Взгляд уважения на Питирим Ильича отмечал всю дистанцию меж единицей с нолями и между нолем; он, сердечно приставив два пальца к очкам, нос просовывал свой между пальцами; вот он какой, – Синепапич: бесплечий чернич; но, как меч и как бич – труд, кирпич, разбивающий психиатрически школу Пэпэшеву.
И – ринулся к креслу, чтобы Синепапичу кресло вкатить под коленки, величие князя светлейшего перенеся к Синепапичу; а – невеличка какая! Макушкою князя в микитку, а носом – под пуп.
Кресло выкатила Серафима Сергеевна, ланьим движеньем слетев с подоконника; в ней жест профессора всплыл, точно в зеркале; грацией нарисовался: в улыбке, с которой она от профессора перенеслась к Синепапичу.
Грации этой не видели; ведь для влетевших она – скучноватое рукопожатие, или – претык: время ж дорого!
А Синепапич, профессор, коллегу, профессора, спрашивал:
– Нравится вам в этом розовом доме, профессор? И руки профессор развел иронически:
– В желтом, хотите сказать? Что его перекрасили в розовый цвет, это только подчеркивает…
Не окончивши фразы, он сел.
Николай Николаич, хозяйское око напуча, пожал лишь плечами; оглядывал комнату:
– Стулья-то где?
К Плечепляткину дернулся:
– Стулья.
И вылетел бомбочкою Плечепляткин, студент, Куланскому и князю по стулу втащить.
Синепапич у столика сел; князь; оправивши фалды, осанисто сел пред профессором; а Куланский сел за князем, он дивное диво, мечту, – не профессора, – видел впервые; и скорчился робко за князем.
Висело молчание.
Вечность – младенец играющий
Паузу князь, вероятно, нарочно продлил – склоном лба и бородкой; как ласково щурился он и как бархатно высказал тенором внятным:
– Давно искал случая я навести вам, профессор, визит, – где был прежде? – чтоб дань удивленья, – соболезнования чуть-чуть он не дернул было; и, – помедлил, – с осмотром прекрасного здания этого: соединить.
И бородкой на фавнову рожу: в окно.
На дворе он с Пэпэшем любезничал: цель посещенья – лечебница-де не визит; Пэпэш, боднув ножкой, вскричал Препопанцу глазами:
– Вы слышали, что было сказано – там? И вы слышите, что говорится теперь?

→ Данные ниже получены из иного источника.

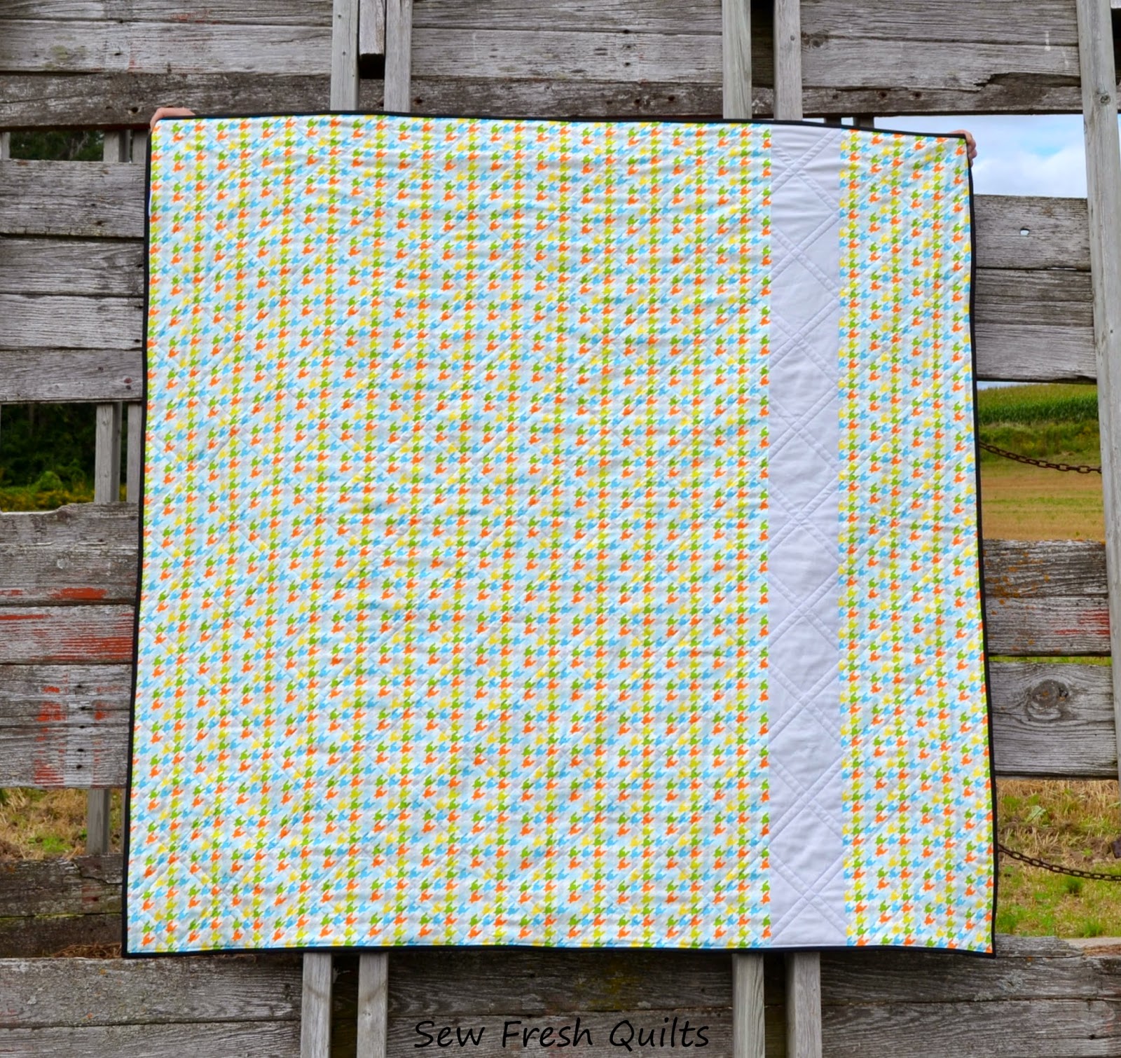 the Mixed Bag Houndstooth in Sprout with an offset strip of Kona Silver.
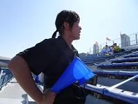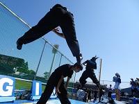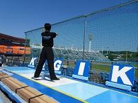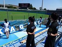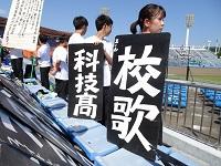 試合終了後、応援指導部、生徒会、応援委員の生徒たちが協力して手際よく撤収しました。

Наступило молчанье; всем стало неловко; профессор, стреляя очковыми стеклами в руку, рукой барабанил; он не отзывался.
Все ж экзаменуемый возрастом, знанием, опытом, силой таланта и видом, и позою экзаменаторам робость внушал, как экзамен начать?
И – с чего?
Но забывши о всех, через голову всех – к Серафиме Сергевне он, суетясь озабоченно носом:
– Вы, ясное дело, впишите: для памяти.
И преисполненный думы, свирепо локтями на стол он упал:
– Минус «бе», плюс два «це», взяв в квадрат!
Синепапич, сидевший за пузом Пэпэша, – на пузо Пэпэша, который, довольный таким оборотом беседы, с убийственным юмором, впрочем почтительным, выдал курьезный секретец, – «игру на дворе», – Синепапичу:
– Это-с, – наглядное изображение формул в пространстве.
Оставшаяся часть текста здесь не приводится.